Лорд Олдирн задумчиво расхаживал взад-вперед какой-то странной шаткой походкой, свидетельствовавшей не только о его преклонных летах. Он и впрямь казался очень старым, словно прибавил десять лет с того момента, как весело болтал за ужином с хозяйкой. В руке он держал бумагу, похожую на официальный документ. Его лицо выражало сосредоточенность и серьезность, свойственные ученым мужам или государственным деятелям в момент напряженных раздумий. Готт долго смотрел на него, после чего повернулся и направился туда, откуда пришел.
Оглядываясь на дни, непосредственно предшествовавшие постановке, Готт воспринимал их – несмотря на сопровождавшую их повседневную суету – как некий «разгул» разговоров. Серьезных, несерьезных, праздных, относящихся к «Гамлету» и не относящихся к нему, общих и с глазу на глаз, продолжительных и отрывочных – разговоров по любому поводу и без. Большинство из них забывались на следующий день. Однако вскоре обстоятельства заставили Готта вытаскивать их разрозненные отрывки из глубин забвения, просеивать и анализировать так, как он не делал никогда раньше.
Утро субботы началось со встречи с Чарлзом Пайпером в их общей ванной.
– Обычно, – начал Пайпер, открывая краны, – после горячей ванны у меня получается написать от пятисот до восьмисот слов.
– А у меня, – ответил Готт, неосторожно выступив в роли собрата по перу, – вдохновение случается после бренди и оладий.
– Действительно… оладий? Вот уж не слышал. – Пайпер смотрел на Готта, словно на экспонат в музее Виктории и Альберта. – А что побудило вас писать детективы? – с вежливым интересом спросил он.
– Моральные соображения.
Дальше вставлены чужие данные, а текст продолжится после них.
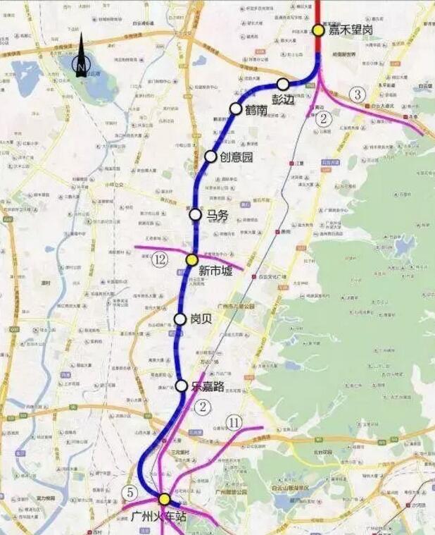 广州市轨道交通14号线二期,将加强从化至市中心的快速联系。线路起于一期工程的嘉禾望岗站,终止于广州火车站,线路全长11.74公里,均为地下线。全线共设彭边、鹤南、创意园、马务、新市墟、岗贝、乐嘉路和广州火车站8座车站。全线采用站站停与大站快车组合运营模式,二期采用站站停运营模式,最高运行时速120公里。根据年度工作计划,该项目将于2021年全线开通运营。

Попытка несколькими часами развлечения искупить многие часы скуки.
После секундного размышления Пайпер мысленно положил этот ответ на одну из полочек: «Увиливание», «Неудачная шутка» или «Академическая психология». После этого он продолжил «допрос».
– Не кажется ли вам, – торжественно спросил он, – что собственно беллетристика и повествовательная мелодрама суть абсолютно разные жанры?
– Сомневаюсь, что между ними существует абсолютная грань. Диккенс использовал некий гибрид романа и мелодрамы – и весьма успешно. – Готт прервался, чтобы включить душ. – Разумеется, в беллетристике повсеместно используются кисти потоньше. Там избегают ярлыков, кроме тех случаев, когда они функционально необходимы: горячо, холодно. Мелодрама основывается на больших и заметных ярлыках: коврик у ванны. Никакой аристократической сдержанности.
С этими словами Готт указал на некрашеный пробковый прямоугольник у своих ног. Пайпер, снова взяв паузу для некой маркировки, перешел от вопросов к утверждениям:
– Я думаю, что они происходят из различных отделов мозга. Беллетристика исходит из того, что называется «воображением». Мелодрама исходит из «прихоти». Это некое бурление примитивных инстинктов, праздник подсознательного, фантазия.
– По-моему, вот концепция романа, – сказал Готт, простодушно-восхищенно посмотрев на Пайпера. Однако тот, чуть помешкав, чтобы черкнуть «ирония» в невидимом блокноте, развил свою мысль.